A new study of post-menopausal women between the ages of 50 to 79 found that, those taking antidepressants had a slightly higher risk for stroke than those not taking the medications. The study, published in the Archives of Internal Medicine, followed more than 136,000 women for about six years, and found that women taking both selective serotonin re-uptake inhibitors (SSRI) and tricyclic anti-depressants (TCA) were about 45% more likely to suffer strokes, and 32% more likely to die from any cause, than peers not taking antidepressants.
Previous research has shown a correlation between depression and heightened risk for stroke, and researchers say that future study is needed to determine the significance of these latest findings. And they stress that, even among women taking antidepressants, overall risk for stroke remains very low: the odds for stroke among post-menopausal women are about 1 in 300; for women who have been through menopause and are taking antidepressants, that risk increases to about 1 in 200.

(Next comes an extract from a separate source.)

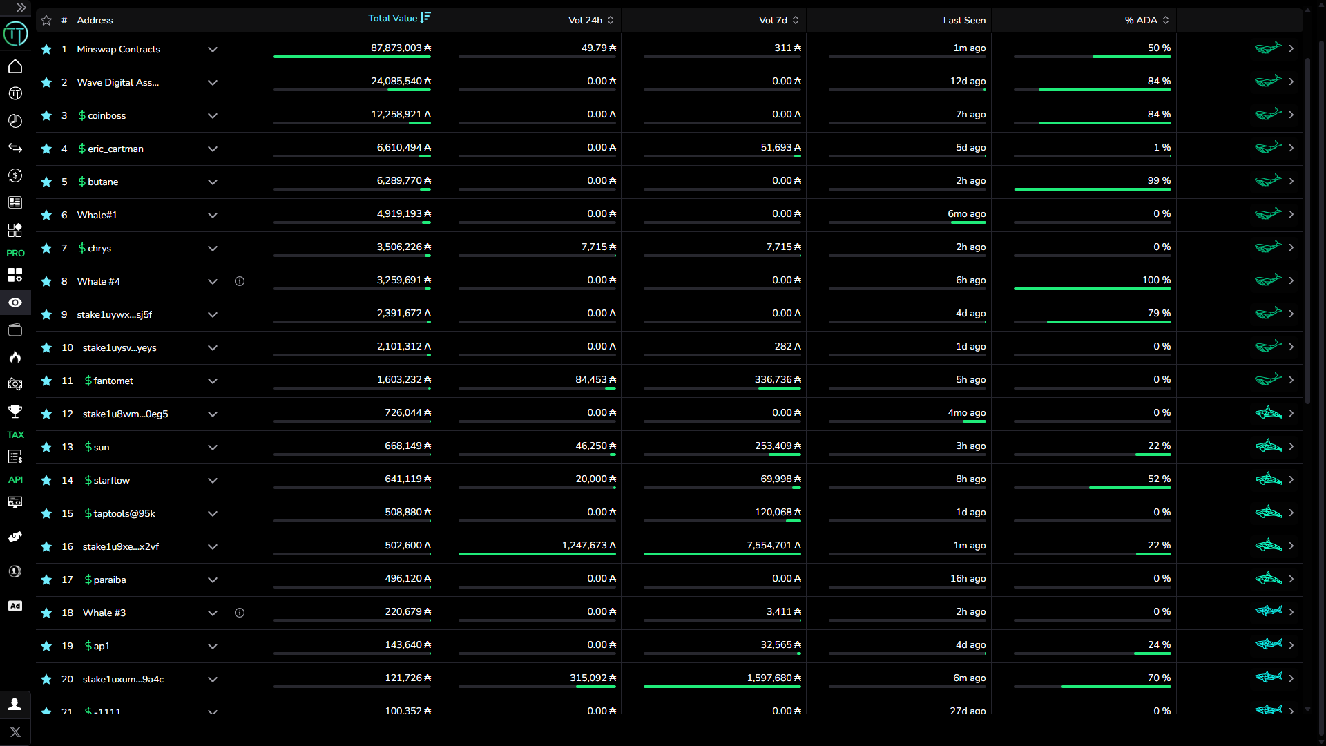 Track and manage multiple wallets of interest. Keep an eye on the most active traders, whales, and other degens in the ecosystem in one easily accessible place.
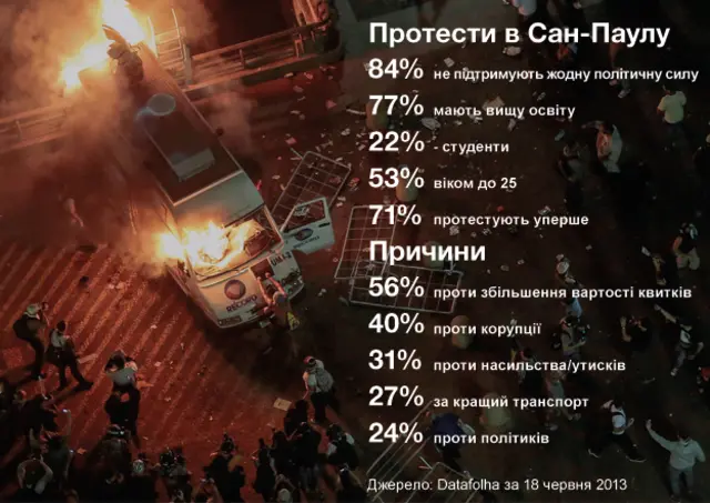 Протести почалися понад тиждень тому через підвищення вартості проїзду в транспорті, але переросли у вилив гніву через корупцію й високу вартість проведення футбольного чемпіонату світу 2014 року.

While further study is conducted, the researchers are careful to emphasize the improvement that antidepressant medications can make in many patients’ lives, and point out that physicians and patients should consider those against potential increases in stroke risk, as well as a patient’s individual medical history when determining the best treatment for women battling depression. As Dr. Sylvia Wassertheil-Smoller, of Albert Einstein College of Medicine at Yeshiva University, told the BBC: “You have to weigh the benefits that you get from these antidepressants against the small increase in risk that we found in this study.”